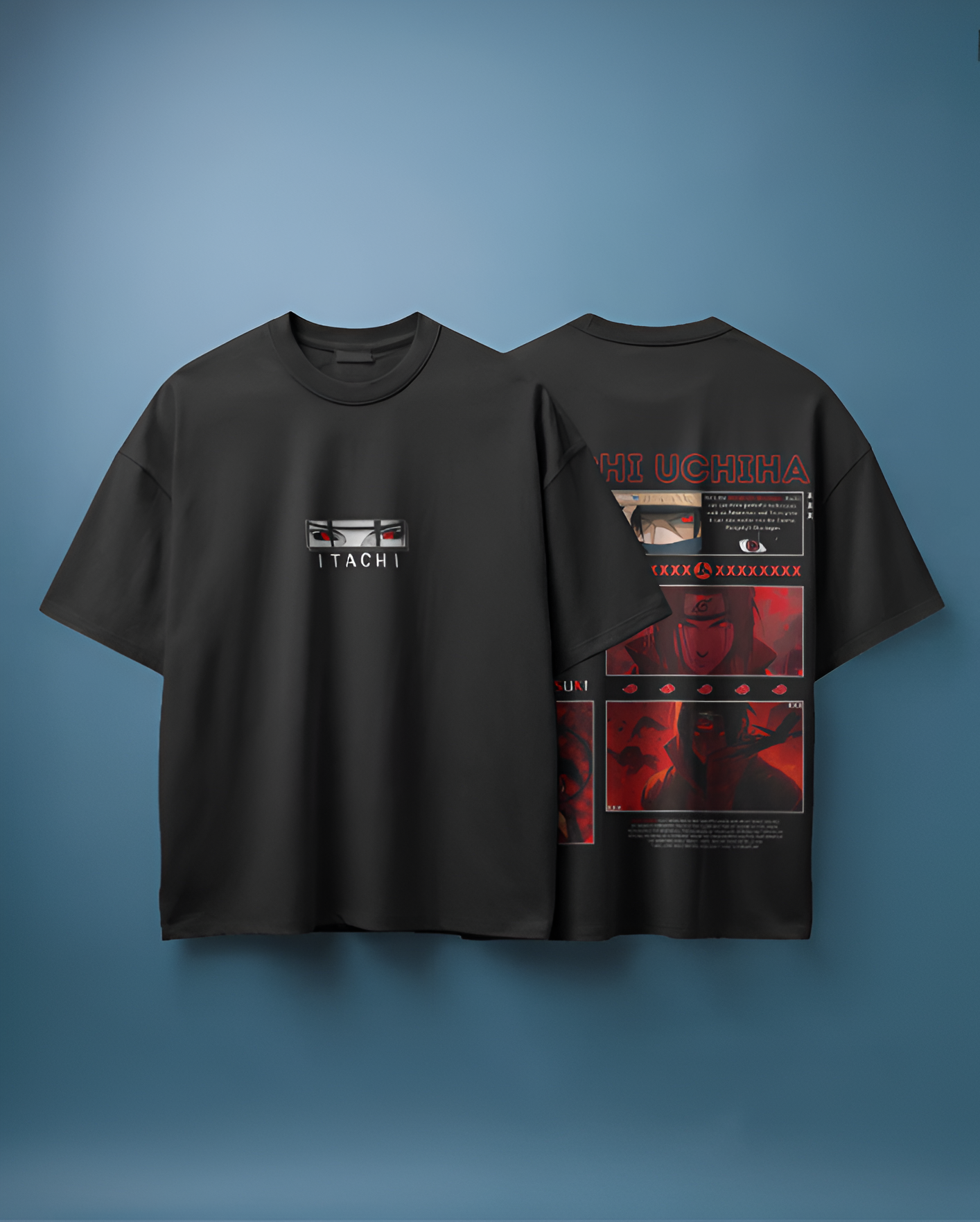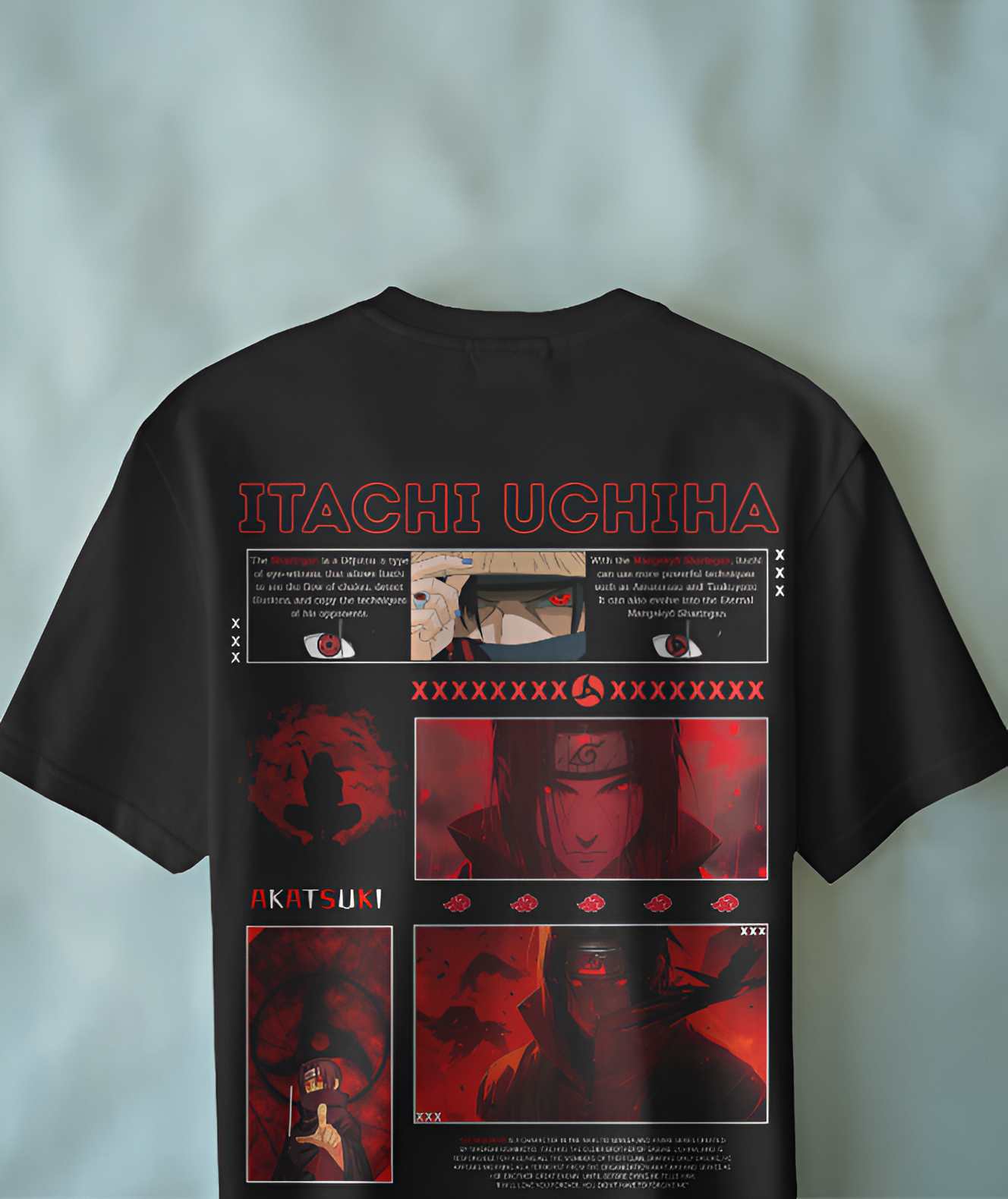 🖤Camiseta negra oversize con diseño oscuro y estético, inspirada en Itachi Uchiha , uno de los personajes más legendarios de Naruto .
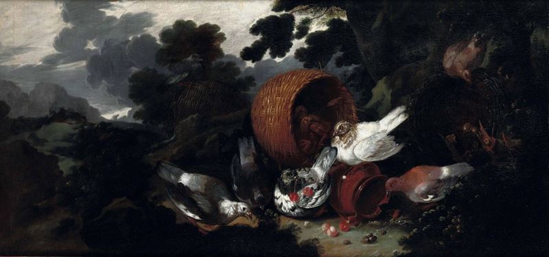Giovanni Agostino Cassana Venezia 1658 - Genova 1720) Paesaggi con galli, galline e colombe
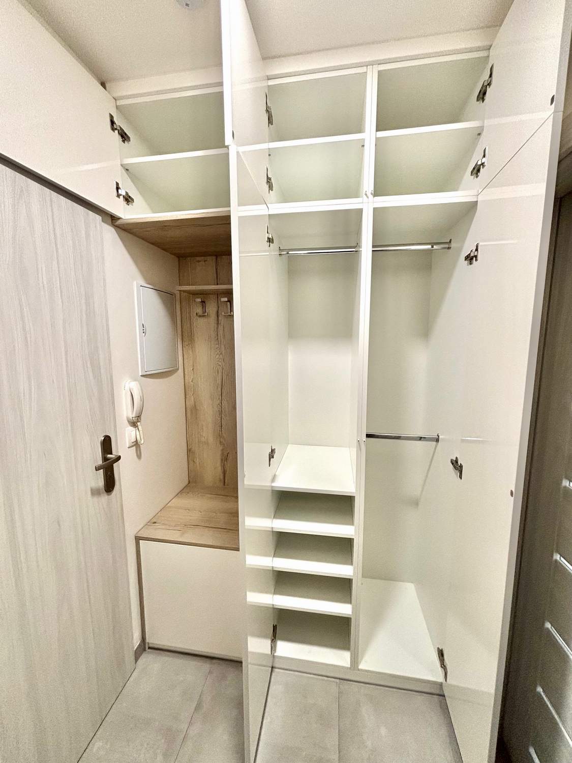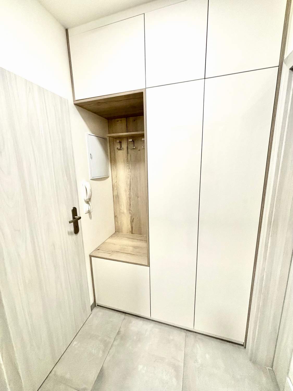 Kuch. linka vybavená myčkou nádobí, el. troubou, sklokeramickou varnou deskou. V předsíní vestavěná šatní skříň.

++++++++++++++++++++

WORK TO COMPLETE | All of the listing is to be written out exactly, with the pictures left out.

SOLUTION FOR THIS PROBLEM |
 🖤Camiseta negra oversize con diseño oscuro y estético, inspirada en Itachi Uchiha , uno de los personajes más legendarios de Naruto .
Giovanni Agostino Cassana Venezia 1658 - Genova 1720) Paesaggi con galli, galline e colombe
 Kuch. linka vybavená myčkou nádobí, el. troubou, sklokeramickou varnou deskou. V předsíní vestavěná šatní skříň.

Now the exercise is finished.